** DIRECTIONS **
In your copy, include no images, and write out every entry below exactly as it stands.

** ENTRIES PROVIDED **
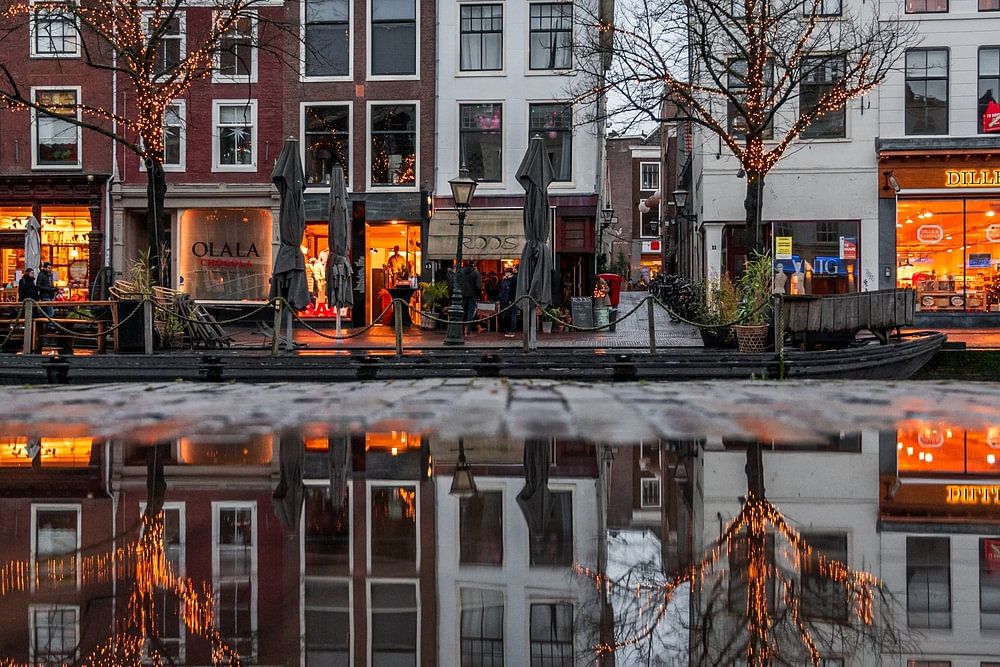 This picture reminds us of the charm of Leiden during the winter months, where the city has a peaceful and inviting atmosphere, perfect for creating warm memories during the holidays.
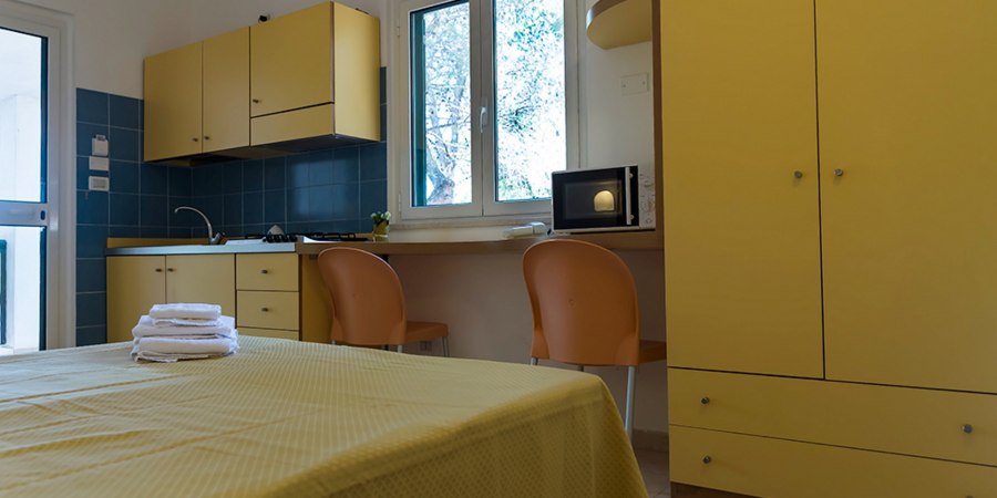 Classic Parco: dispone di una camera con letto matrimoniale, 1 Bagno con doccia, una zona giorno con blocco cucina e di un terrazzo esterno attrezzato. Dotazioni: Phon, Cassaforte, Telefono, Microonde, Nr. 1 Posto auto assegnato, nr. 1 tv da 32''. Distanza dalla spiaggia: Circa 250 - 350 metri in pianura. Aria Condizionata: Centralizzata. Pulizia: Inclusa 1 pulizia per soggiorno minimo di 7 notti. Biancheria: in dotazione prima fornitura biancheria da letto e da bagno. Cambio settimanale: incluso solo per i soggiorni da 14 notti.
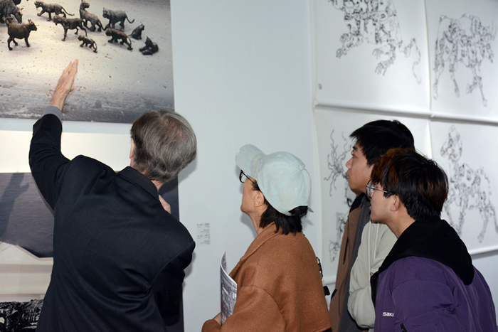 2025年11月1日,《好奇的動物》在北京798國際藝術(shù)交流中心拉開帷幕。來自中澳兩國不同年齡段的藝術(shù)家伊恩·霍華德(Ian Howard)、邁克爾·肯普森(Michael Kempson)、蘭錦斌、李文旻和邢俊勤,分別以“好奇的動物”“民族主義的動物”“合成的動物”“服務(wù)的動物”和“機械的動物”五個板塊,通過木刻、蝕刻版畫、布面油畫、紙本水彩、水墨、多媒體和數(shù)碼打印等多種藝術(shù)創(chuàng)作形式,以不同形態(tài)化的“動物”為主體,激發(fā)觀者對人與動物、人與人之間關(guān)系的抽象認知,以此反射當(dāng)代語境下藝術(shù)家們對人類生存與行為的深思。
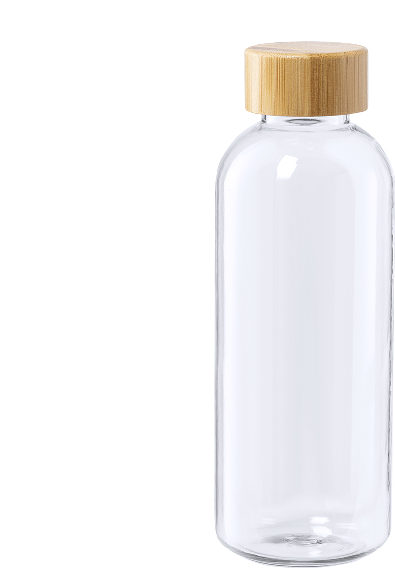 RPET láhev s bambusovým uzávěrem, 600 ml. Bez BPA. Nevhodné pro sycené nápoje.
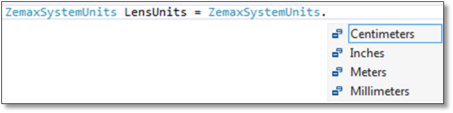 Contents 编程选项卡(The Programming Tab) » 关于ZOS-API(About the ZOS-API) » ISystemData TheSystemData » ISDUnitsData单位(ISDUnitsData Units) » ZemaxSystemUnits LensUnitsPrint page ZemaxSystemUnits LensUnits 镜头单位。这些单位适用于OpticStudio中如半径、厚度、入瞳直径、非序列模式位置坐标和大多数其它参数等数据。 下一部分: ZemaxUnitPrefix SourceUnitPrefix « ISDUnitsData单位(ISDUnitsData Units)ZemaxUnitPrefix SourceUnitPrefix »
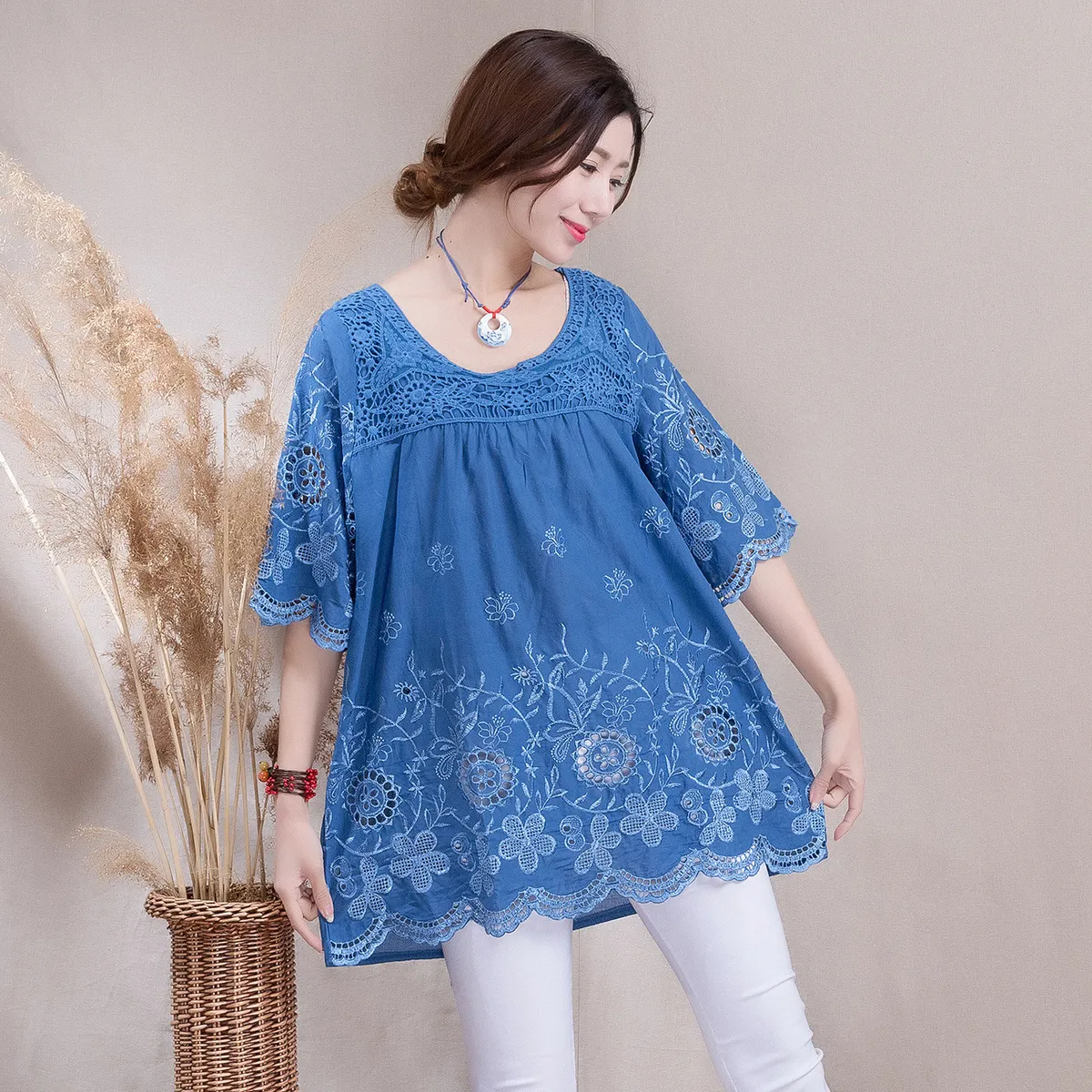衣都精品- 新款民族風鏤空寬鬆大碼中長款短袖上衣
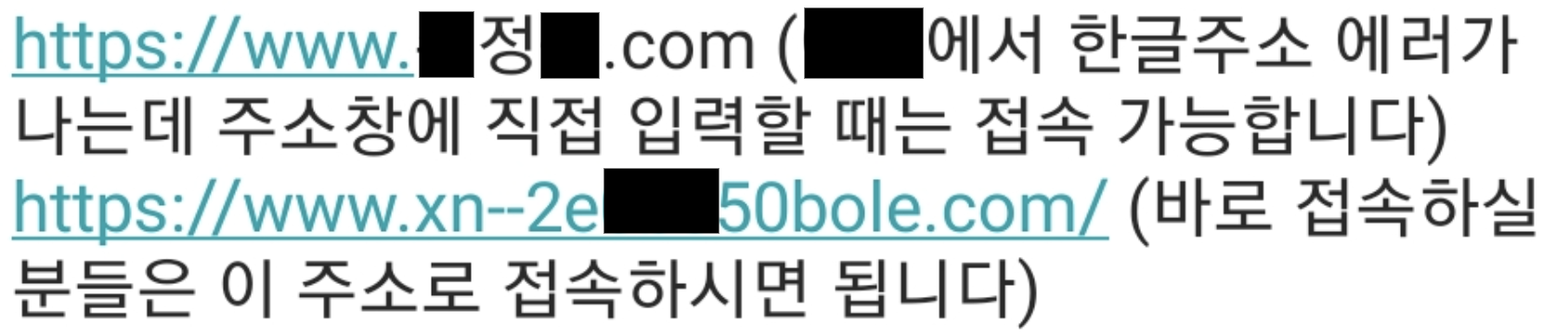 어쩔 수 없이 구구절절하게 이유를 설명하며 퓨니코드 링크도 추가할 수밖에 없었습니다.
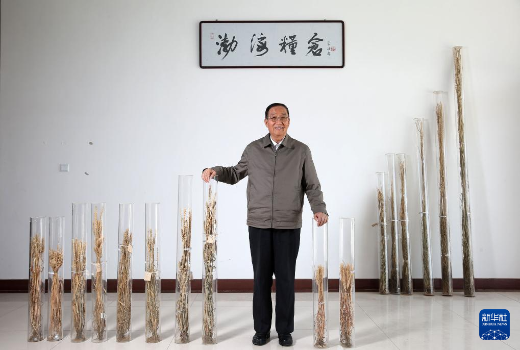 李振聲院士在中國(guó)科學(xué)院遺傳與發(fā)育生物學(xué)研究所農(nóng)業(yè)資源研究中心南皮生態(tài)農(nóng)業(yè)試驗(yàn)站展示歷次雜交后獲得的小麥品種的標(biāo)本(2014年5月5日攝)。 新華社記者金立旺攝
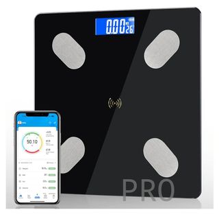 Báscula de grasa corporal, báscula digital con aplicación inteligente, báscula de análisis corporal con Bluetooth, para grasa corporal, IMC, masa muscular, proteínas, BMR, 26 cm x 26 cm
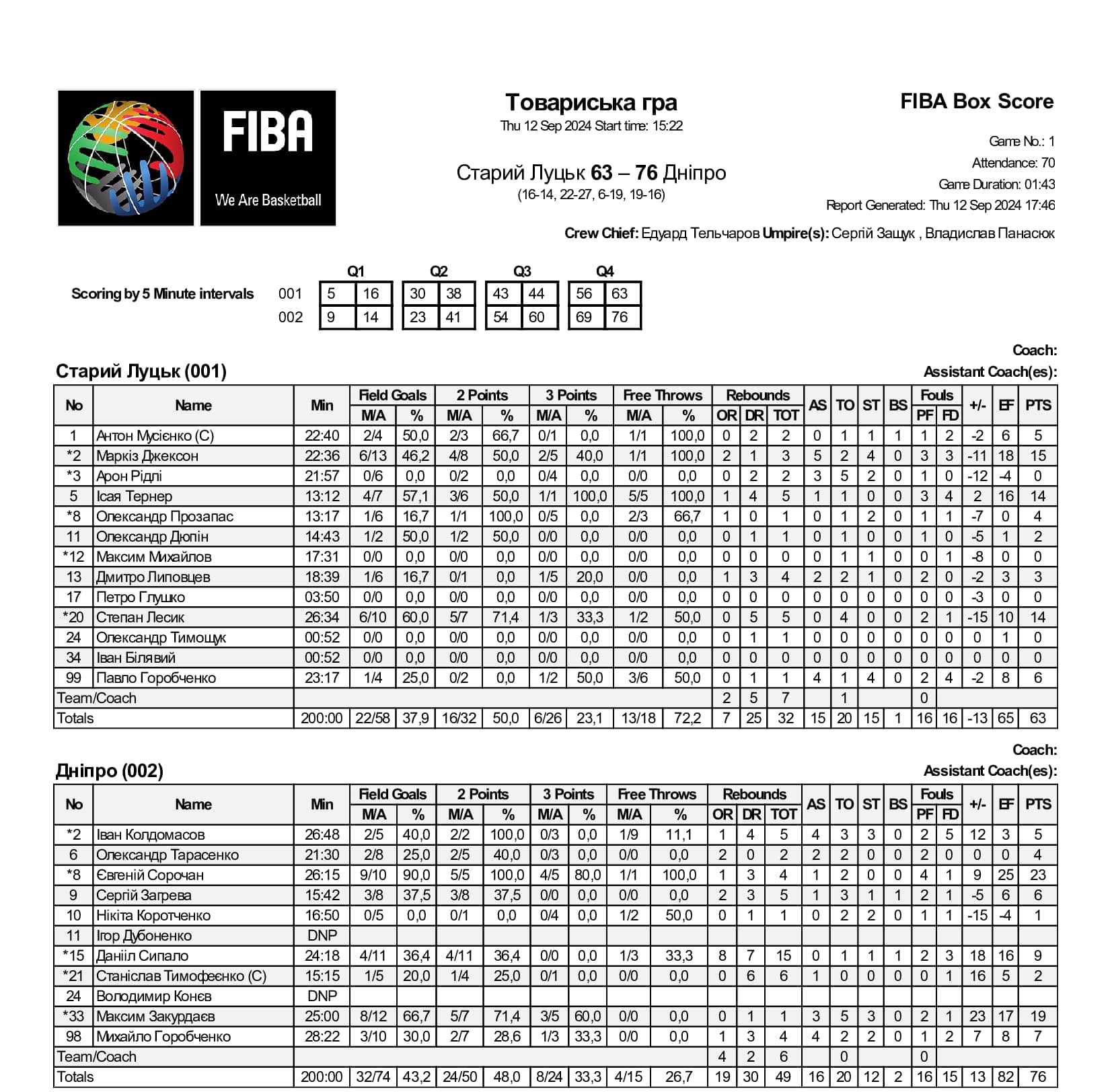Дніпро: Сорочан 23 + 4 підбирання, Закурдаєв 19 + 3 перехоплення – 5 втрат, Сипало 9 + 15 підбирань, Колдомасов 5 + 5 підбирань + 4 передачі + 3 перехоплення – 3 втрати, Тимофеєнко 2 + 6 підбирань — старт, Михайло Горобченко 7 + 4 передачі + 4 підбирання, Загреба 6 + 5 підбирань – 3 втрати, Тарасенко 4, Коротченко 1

** RESPONSE AREA **
 This picture reminds us of the charm of Leiden during the winter months, where the city has a peaceful and inviting atmosphere, perfect for creating warm memories during the holidays.
 Classic Parco: dispone di una camera con letto matrimoniale, 1 Bagno con doccia, una zona giorno con blocco cucina e di un terrazzo esterno attrezzato. Dotazioni: Phon, Cassaforte, Telefono, Microonde, Nr. 1 Posto auto assegnato, nr. 1 tv da 32''. Distanza dalla spiaggia: Circa 250 - 350 metri in pianura. Aria Condizionata: Centralizzata. Pulizia: Inclusa 1 pulizia per soggiorno minimo di 7 notti. Biancheria: in dotazione prima fornitura biancheria da letto e da bagno. Cambio settimanale: incluso solo per i soggiorni da 14 notti.
 2025年11月1日,《好奇的動物》在北京798國際藝術(shù)交流中心拉開帷幕。來自中澳兩國不同年齡段的藝術(shù)家伊恩·霍華德(Ian Howard)、邁克爾·肯普森(Michael Kempson)、蘭錦斌、李文旻和邢俊勤,分別以“好奇的動物”“民族主義的動物”“合成的動物”“服務(wù)的動物”和“機械的動物”五個板塊,通過木刻、蝕刻版畫、布面油畫、紙本水彩、水墨、多媒體和數(shù)碼打印等多種藝術(shù)創(chuàng)作形式,以不同形態(tài)化的“動物”為主體,激發(fā)觀者對人與動物、人與人之間關(guān)系的抽象認知,以此反射當(dāng)代語境下藝術(shù)家們對人類生存與行為的深思。
 RPET láhev s bambusovým uzávěrem, 600 ml. Bez BPA. Nevhodné pro sycené nápoje.
 Contents 编程选项卡(The Programming Tab) » 关于ZOS-API(About the ZOS-API) » ISystemData TheSystemData » ISDUnitsData单位(ISDUnitsData Units) » ZemaxSystemUnits LensUnitsPrint page ZemaxSystemUnits LensUnits 镜头单位。这些单位适用于OpticStudio中如半径、厚度、入瞳直径、非序列模式位置坐标和大多数其它参数等数据。 下一部分: ZemaxUnitPrefix SourceUnitPrefix « ISDUnitsData单位(ISDUnitsData Units)ZemaxUnitPrefix SourceUnitPrefix »
衣都精品- 新款民族風鏤空寬鬆大碼中長款短袖上衣
 어쩔 수 없이 구구절절하게 이유를 설명하며 퓨니코드 링크도 추가할 수밖에 없었습니다.
 李振聲院士在中國(guó)科學(xué)院遺傳與發(fā)育生物學(xué)研究所農(nóng)業(yè)資源研究中心南皮生態(tài)農(nóng)業(yè)試驗(yàn)站展示歷次雜交后獲得的小麥品種的標(biāo)本(2014年5月5日攝)。 新華社記者金立旺攝
 Báscula de grasa corporal, báscula digital con aplicación inteligente, báscula de análisis corporal con Bluetooth, para grasa corporal, IMC, masa muscular, proteínas, BMR, 26 cm x 26 cm
Дніпро: Сорочан 23 + 4 підбирання, Закурдаєв 19 + 3 перехоплення – 5 втрат, Сипало 9 + 15 підбирань, Колдомасов 5 + 5 підбирань + 4 передачі + 3 перехоплення – 3 втрати, Тимофеєнко 2 + 6 підбирань — старт, Михайло Горобченко 7 + 4 передачі + 4 підбирання, Загреба 6 + 5 підбирань – 3 втрати, Тарасенко 4, Коротченко 1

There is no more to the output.